THE PROBLEM:
Beginning at the line that contains "VGT-Obperson DDr. Martin", reproduce the entries below exactly, ending with the line that contains "الجالية المصرية تستقبل". Omit each picture.

DATA SUPPLIED:
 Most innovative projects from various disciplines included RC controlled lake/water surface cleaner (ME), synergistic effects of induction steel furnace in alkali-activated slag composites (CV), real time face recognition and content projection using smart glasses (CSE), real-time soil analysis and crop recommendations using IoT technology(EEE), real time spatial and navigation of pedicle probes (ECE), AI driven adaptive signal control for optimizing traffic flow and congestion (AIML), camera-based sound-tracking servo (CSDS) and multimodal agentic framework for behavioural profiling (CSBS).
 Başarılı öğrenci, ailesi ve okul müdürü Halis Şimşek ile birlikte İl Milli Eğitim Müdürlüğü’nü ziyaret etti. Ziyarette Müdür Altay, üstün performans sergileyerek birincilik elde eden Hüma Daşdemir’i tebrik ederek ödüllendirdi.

* * *

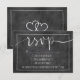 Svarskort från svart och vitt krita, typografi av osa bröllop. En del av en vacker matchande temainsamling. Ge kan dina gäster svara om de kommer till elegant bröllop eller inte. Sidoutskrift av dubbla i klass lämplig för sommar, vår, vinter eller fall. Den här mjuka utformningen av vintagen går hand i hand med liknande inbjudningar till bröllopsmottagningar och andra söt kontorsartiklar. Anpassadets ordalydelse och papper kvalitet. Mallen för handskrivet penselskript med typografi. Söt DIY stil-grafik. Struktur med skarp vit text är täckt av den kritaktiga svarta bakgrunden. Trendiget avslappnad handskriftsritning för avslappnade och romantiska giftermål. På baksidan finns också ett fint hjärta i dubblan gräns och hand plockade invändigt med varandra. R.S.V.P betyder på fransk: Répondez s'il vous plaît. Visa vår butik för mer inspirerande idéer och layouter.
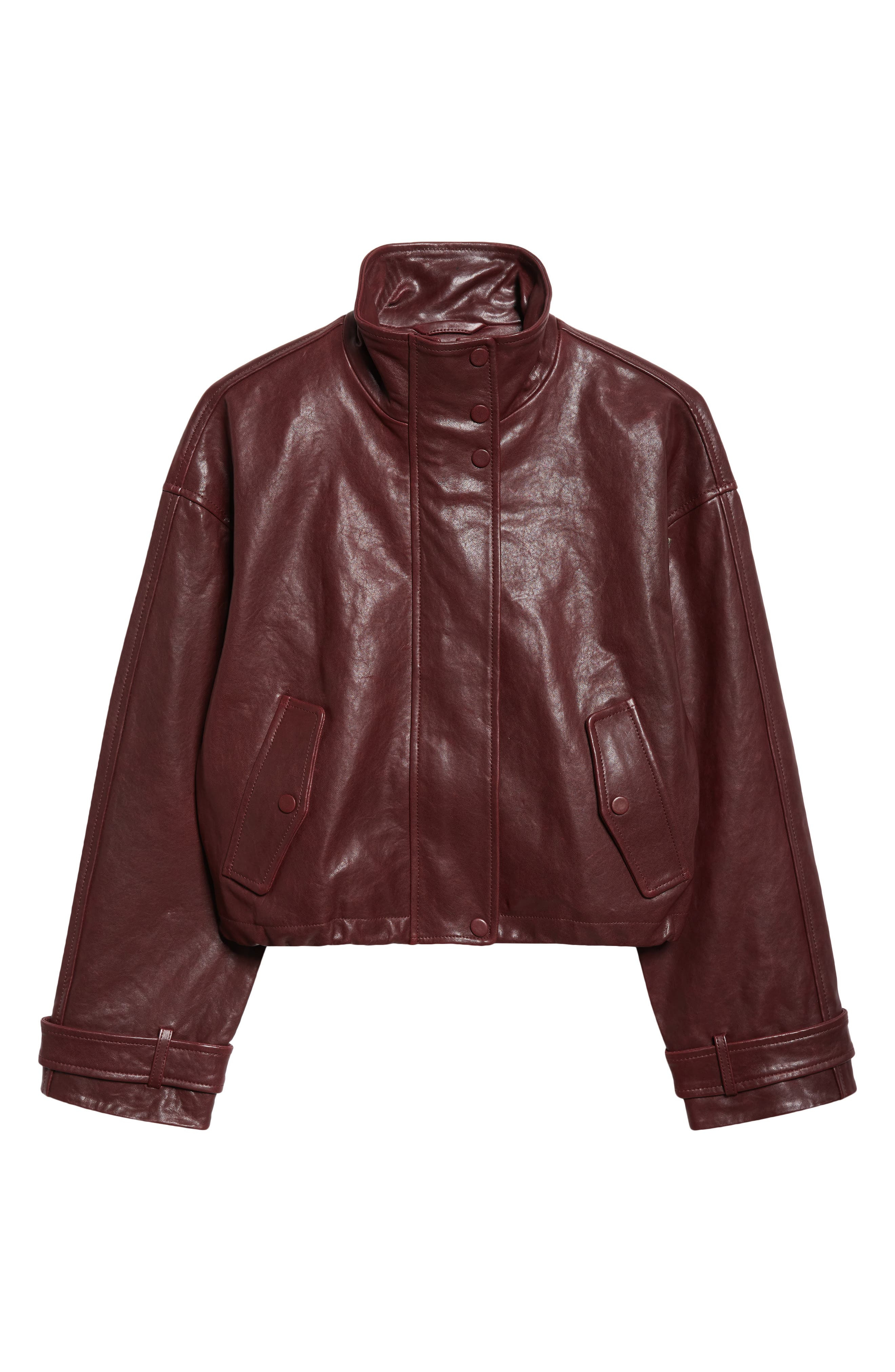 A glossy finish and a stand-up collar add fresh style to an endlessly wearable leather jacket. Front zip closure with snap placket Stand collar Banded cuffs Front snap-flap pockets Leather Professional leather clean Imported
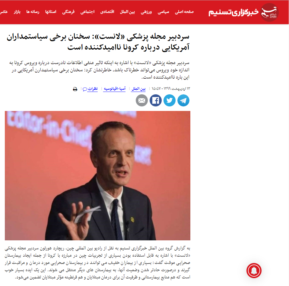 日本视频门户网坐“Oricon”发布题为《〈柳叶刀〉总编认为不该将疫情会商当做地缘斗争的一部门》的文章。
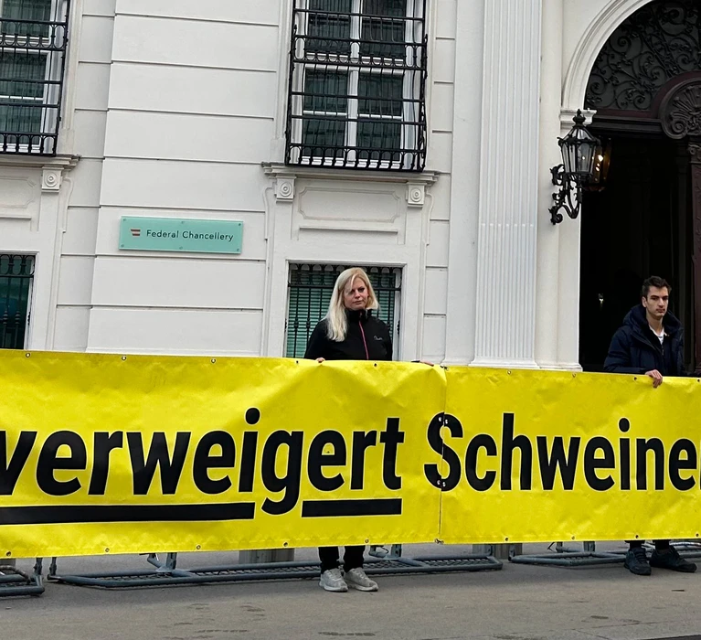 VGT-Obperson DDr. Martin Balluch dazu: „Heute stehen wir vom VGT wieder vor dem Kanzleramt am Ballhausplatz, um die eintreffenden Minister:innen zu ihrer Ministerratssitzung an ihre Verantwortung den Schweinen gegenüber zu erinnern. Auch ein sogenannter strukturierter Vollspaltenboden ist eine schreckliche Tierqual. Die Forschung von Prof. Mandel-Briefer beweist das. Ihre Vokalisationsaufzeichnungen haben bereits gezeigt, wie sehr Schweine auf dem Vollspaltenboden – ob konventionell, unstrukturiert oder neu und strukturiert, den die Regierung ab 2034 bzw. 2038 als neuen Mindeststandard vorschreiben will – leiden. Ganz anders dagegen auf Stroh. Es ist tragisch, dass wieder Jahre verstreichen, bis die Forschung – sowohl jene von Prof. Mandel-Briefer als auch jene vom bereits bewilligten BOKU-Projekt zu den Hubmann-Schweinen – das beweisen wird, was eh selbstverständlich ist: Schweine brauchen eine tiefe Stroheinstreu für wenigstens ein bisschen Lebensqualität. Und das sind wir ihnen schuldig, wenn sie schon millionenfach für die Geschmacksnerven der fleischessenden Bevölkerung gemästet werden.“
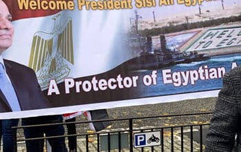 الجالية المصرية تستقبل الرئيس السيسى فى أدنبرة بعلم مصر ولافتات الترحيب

* * *

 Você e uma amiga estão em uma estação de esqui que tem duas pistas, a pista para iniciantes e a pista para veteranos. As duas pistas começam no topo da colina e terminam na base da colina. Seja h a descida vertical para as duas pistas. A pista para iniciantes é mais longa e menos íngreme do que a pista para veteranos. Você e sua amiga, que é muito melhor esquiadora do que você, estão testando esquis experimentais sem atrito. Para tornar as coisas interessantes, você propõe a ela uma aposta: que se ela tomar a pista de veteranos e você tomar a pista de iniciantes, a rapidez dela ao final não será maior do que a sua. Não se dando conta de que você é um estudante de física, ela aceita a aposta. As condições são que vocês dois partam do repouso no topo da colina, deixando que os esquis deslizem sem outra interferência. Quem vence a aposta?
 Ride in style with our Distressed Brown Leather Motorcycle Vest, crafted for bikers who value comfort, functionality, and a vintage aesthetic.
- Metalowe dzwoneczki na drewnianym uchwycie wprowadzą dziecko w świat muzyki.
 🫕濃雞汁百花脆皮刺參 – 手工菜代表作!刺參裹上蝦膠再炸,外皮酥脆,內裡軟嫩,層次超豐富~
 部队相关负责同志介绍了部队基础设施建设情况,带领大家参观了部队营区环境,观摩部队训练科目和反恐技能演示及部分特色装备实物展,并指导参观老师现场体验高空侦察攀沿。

RESPONSE TO THIS EXERCISE:
 VGT-Obperson DDr. Martin Balluch dazu: „Heute stehen wir vom VGT wieder vor dem Kanzleramt am Ballhausplatz, um die eintreffenden Minister:innen zu ihrer Ministerratssitzung an ihre Verantwortung den Schweinen gegenüber zu erinnern. Auch ein sogenannter strukturierter Vollspaltenboden ist eine schreckliche Tierqual. Die Forschung von Prof. Mandel-Briefer beweist das. Ihre Vokalisationsaufzeichnungen haben bereits gezeigt, wie sehr Schweine auf dem Vollspaltenboden – ob konventionell, unstrukturiert oder neu und strukturiert, den die Regierung ab 2034 bzw. 2038 als neuen Mindeststandard vorschreiben will – leiden. Ganz anders dagegen auf Stroh. Es ist tragisch, dass wieder Jahre verstreichen, bis die Forschung – sowohl jene von Prof. Mandel-Briefer als auch jene vom bereits bewilligten BOKU-Projekt zu den Hubmann-Schweinen – das beweisen wird, was eh selbstverständlich ist: Schweine brauchen eine tiefe Stroheinstreu für wenigstens ein bisschen Lebensqualität. Und das sind wir ihnen schuldig, wenn sie schon millionenfach für die Geschmacksnerven der fleischessenden Bevölkerung gemästet werden.“
 الجالية المصرية تستقبل الرئيس السيسى فى أدنبرة بعلم مصر ولافتات الترحيب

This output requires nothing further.